Listen‘Why not pick an older age?’
“So, take a developing brain, put marijuana in there and of course you’re more likely to get some of these adverse effects. So, why did they pick 18? Why did they not pick an older age?”
The adverse effects she is talking about are not proven to be caused by marijuana but are associated in those who use it regularly. They include dependency, a stronger likelihood to use other drugs or tobacco, mental illness, depression, psychosis, anxiety.
‘Lifetime achievement will be less’
“We know that it (regular marijuana use) is associated with teenagers not doing well at school, dropping out of school, and in fact, their entire lifetime achievement will be less than those who don’t use marijuana,” says Kelsall.

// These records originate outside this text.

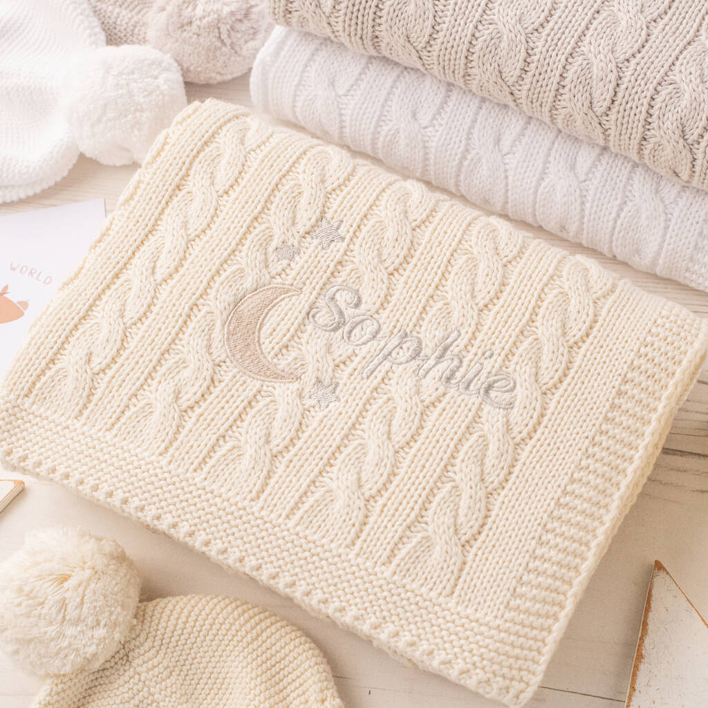 A soft cream baby blanket personalised with baby’s name and a moon and stars embroidery. A timeless gift for newborns, baby showers or Christenings.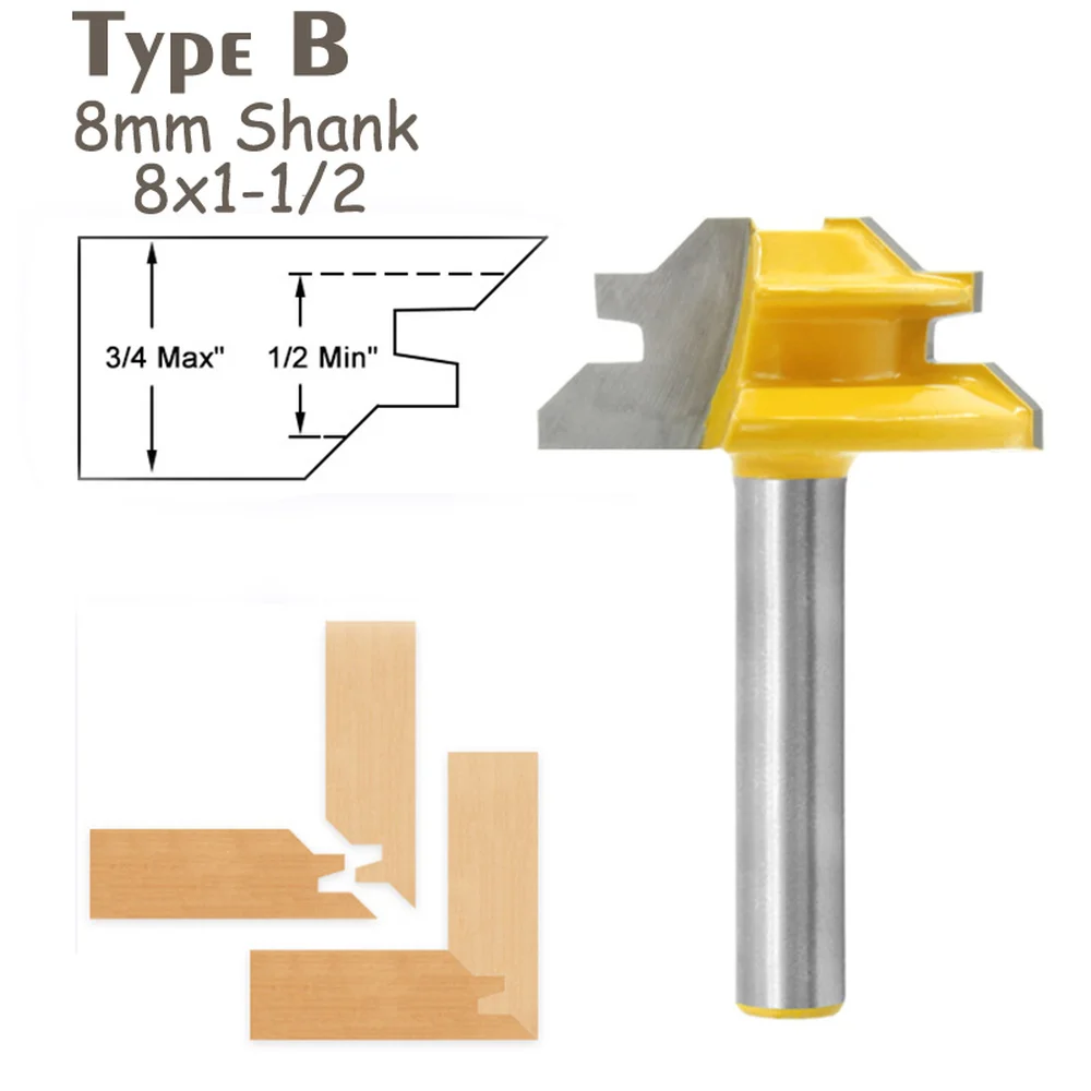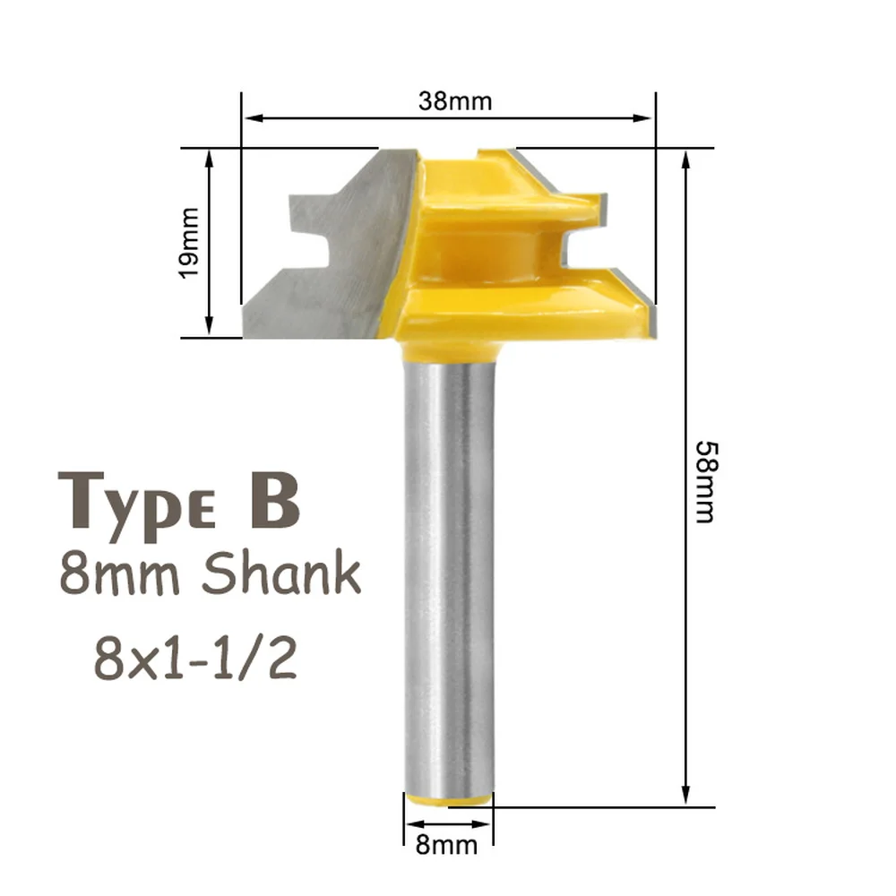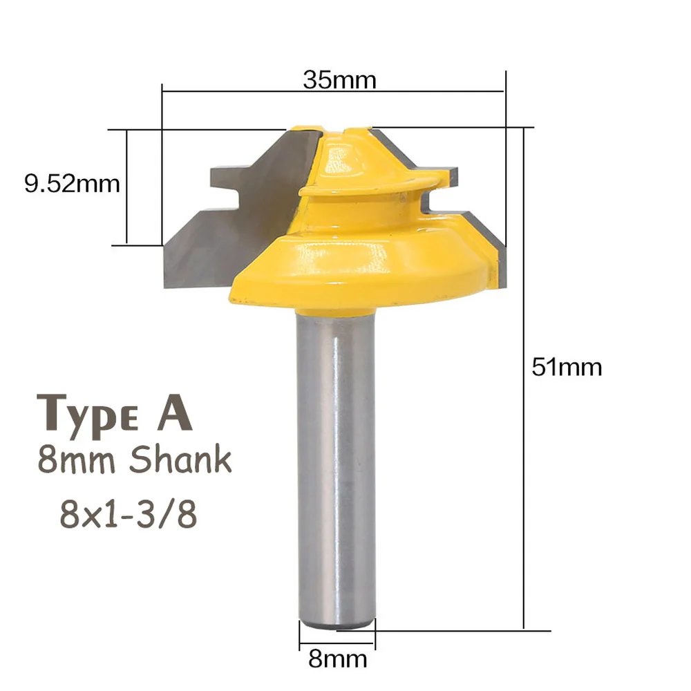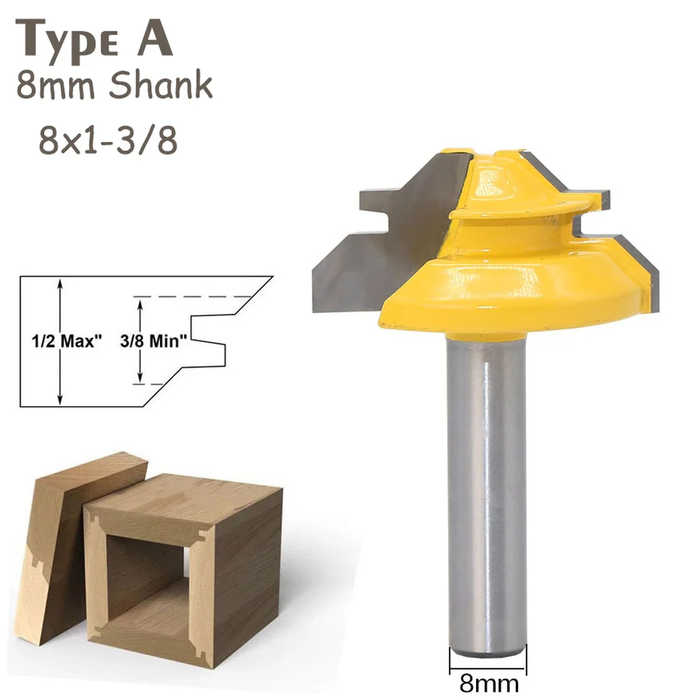 45 градусов Блокировка торцовочный фреза 8 мм хвостовик фреза по дереву для соединения шип-паз фреза инструмент сверлильный фрезерный станок для древесины Карбид сплав 1 шт.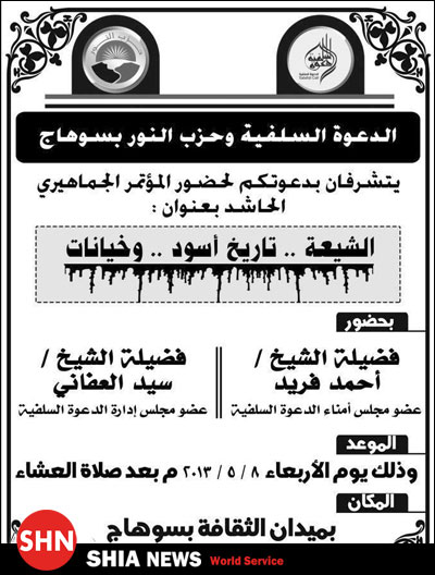 SHIA-NEWS.COM شیعه نیوز:به گزارش «شیعه نیوز» به نقل از ابنا، سلفی های تکفیری در پی القای این مطلب هستند که ایران در تلاش برای تبلیغ تشیع و تسلط بر مصر است در حالی که مذهب تشیع از دیرباز و از زمان فاطمیون در مصر بوده است. حتی نام دانشگاه الأزهر برگرفته از نام حضرت فاطمةالزهرا (علیهاالسلام) است. تا اینکه بعدها اهل تسنن بر مصر غالب شدند.در مورد خطر گسترش و نفوذ شیعه به مصر حتی «احمد الطیب» شیخ الازهر در گفتگو با یک روزنامه اماراتی با بیان اینکه با هیچ کدام از مسلمانان دشمنی ندارد گفت: اجازه گسترش تشیع در کشورهای عربی به ویژه مصر را نمی دهیم.

“And we know that it’s also been associated with impaired neurologic development and a decline in reasoning and thinking.”
Potency not controled
She is also concerned that the proposed law places no limits on marijuana potency and allows people to cultivate four plants each of a maximum of one metre tall. People, she says can seek the most potent plants and grow them horizontally.
The bill would leave certain rules, such as age limits, up to each individual province and territory. Kelsall says this would lead to situations such as exist now with alcohol where youth travel over a bridge from Ottawa, Ontario where the legal drinking age is 18 to Gatineau in the province of Quebec where the legal age is 19.
Bill fails to protect public health, says doctor
Says Kelsall, the federal government said it would pass a marijuana bill that would protect public health, but this version fails to do that.